Not meeting any of the requirements listed above and/or having aggressive cancer—which could get worse because of the immunosuppression medications required for transplantation—could make someone ineligible for kidney transplantation surgery.
Donate Life Month
Observed every April, Donate Life Month celebrates the bravery, generosity, and life-saving contributions of individuals who’ve donated organs or have registered to donate organs in the future.
Dr. Veale hopes everyone will consider saving someone’s life by donating an organ. He also clarified a few common misconceptions that make some people feel needlessly hesitant about doing so.
Common Misconception #1: Healthcare professionals won’t do everything they can to save the lives of patients who are registered organ donors.
Dr. Veale says this belief is categorically untrue.
While there is an organ shortage in the United States, healthcare professionals are not trying to lessen that shortage with organs harvested from patients they could have saved.

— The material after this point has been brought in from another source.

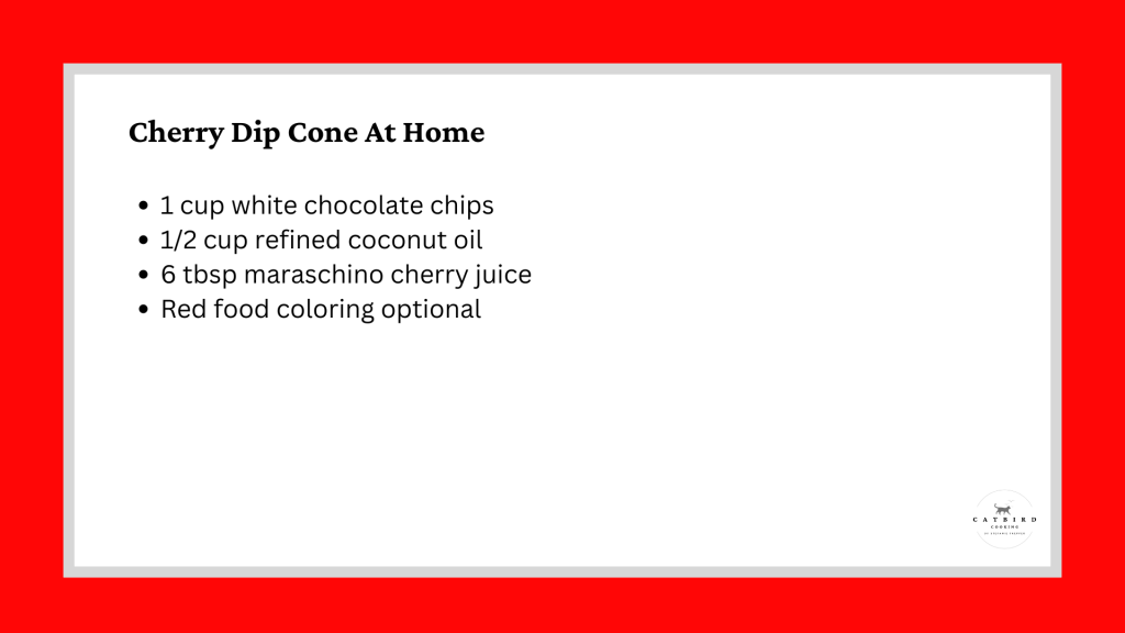 Notes: Red food coloring is optional; without it, your cherry dip will be pink. To avoid staining, don’t wear your favorite white shirt! For the best results, use gel food coloring—start with 1/8 tsp and add more for desired color. If using liquid, start with 3–4 drops and adjust as needed. Use maraschino cherry juice straight from the jar and top your sundae or cone with the cherries.

They are, however, addressing the shortage by innovating programs and following rigorous standards and protocols to ensure all donors and recipients receive ethical and equitable treatment.
Common Misconception #2: An individual can donate their kidney to a loved one only if they’re fully compatible.
“You may think you have to be this perfect match,” says Dr. Veale. “But you don’t if you come to UCLA. You just need to be healthy.”
He estimates that an individual donor has a 60-70% chance of being able to donate to their desired recipient. However, if they’re unable to donate to this recipient for any reason, they can make a general donation through the kidney exchange, receive a voucher, and rest assured that their loved one will receive the right compatible organ when they need it.
Innovations in Kidney Transplantation at UCLA
The UCLA Kidney Transplant Tolerance Program
The Kidney Transplant Tolerance Program centers around an immunosuppression-free protocol, which leverages the donor's stem cells to help optimize transplant acceptance while minimizing the use of immunosuppression medications associated with negative side effects, such as cancer, infections, and heart disease.
Transplant surgeons dampen a recipient’s immune system to stop it from attacking the donor’s grafted tissue, which it recognizes as originating from an outside body. While immune suppression is necessary for preventing transplant rejection, it also leaves patients vulnerable to other outside threats, thus the negative side effects.
Achieving tolerance without suppressing the immune system improves outcomes for the transplant recipients. Utilizing the donor’s stem cells also extends that donor’s gift.
“Usually, a kidney transplant functions for about 15 years,” Dr. Veale says. “If you get delayed tolerance, the transplant can—theoretically—function forever. The gift of the donor could last for the lifetime of the recipient.”
At present this technique has proven successful between sibling donors and recipients—even well after the initial kidney transplant surgery—but it could extend to other donor-recipient pairs down the road.
The UCLA Health Kidney Voucher Program
The UCLA Health Kidney Voucher Program allows individuals to donate a kidney when it makes sense for them and receive a voucher their intended recipient can redeem for transplantation later, whenever they need it.
The program started when Dr. Veale handed the first-ever kidney voucher to a grandfather who wanted to donate a kidney to his grandson, who wouldn’t need it for another ten years. To give out more vouchers, Dr. Veale faced opposition and had to convince colleagues across his field to support the idea.
Dr. Veale is proud to say 2024 marks the voucher program’s 10-year anniversary, and that within those ten years, the program has helped thousands of people.
“Now that multiple transplantation centers have adopted the innovative voucher program we developed at UCLA, over 5000 vouchers have been issued in the United States,” he says. “And there have been probably 10,000 living donor kidneys shipped across the country.”